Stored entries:
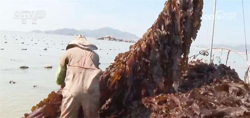 眼下,福建福州连江县10.3万亩优质海带进入采收期,不少海带养殖户抢抓晴好天气收割海带,海面上一片热闹、繁忙景象。
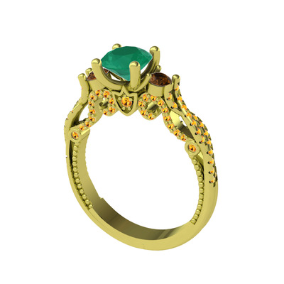 Kök zümrüt, dumanlı kuvars ve sitrin 14 ayar altın yüzük
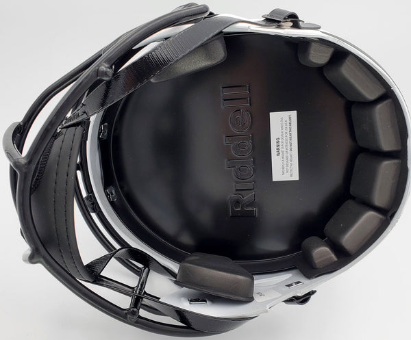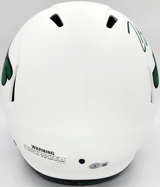 This is a New York Jets Lunar Eclipse White Full Size Replica Speed Helmet that has been hand signed by Zach Wilson. The Eclipse helmets are very delicate and often have some marks or scratches on them. This item has been certified authentic by Beckett Authentication (BAS) and comes with their tamper-proof QR Code sticker that can be verified on the Beckett-authentication.com.
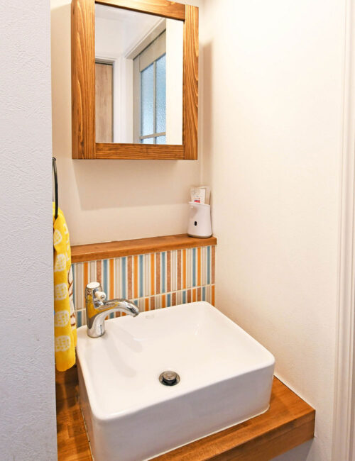 ▲完全オーダーメイドのタイルの手洗いが可愛い。
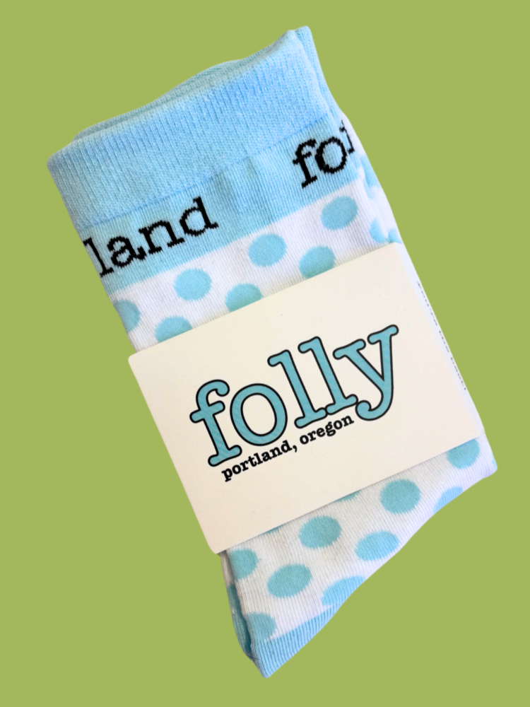 Folly blue and white socks with polka dots.

- Work item -
Your answer should be an exact copy of the entries above, with no images included.

- Answer box -
 眼下,福建福州连江县10.3万亩优质海带进入采收期,不少海带养殖户抢抓晴好天气收割海带,海面上一片热闹、繁忙景象。
 Kök zümrüt, dumanlı kuvars ve sitrin 14 ayar altın yüzük
 This is a New York Jets Lunar Eclipse White Full Size Replica Speed Helmet that has been hand signed by Zach Wilson. The Eclipse helmets are very delicate and often have some marks or scratches on them. This item has been certified authentic by Beckett Authentication (BAS) and comes with their tamper-proof QR Code sticker that can be verified on the Beckett-authentication.com.
 ▲完全オーダーメイドのタイルの手洗いが可愛い。
 Folly blue and white socks with polka dots.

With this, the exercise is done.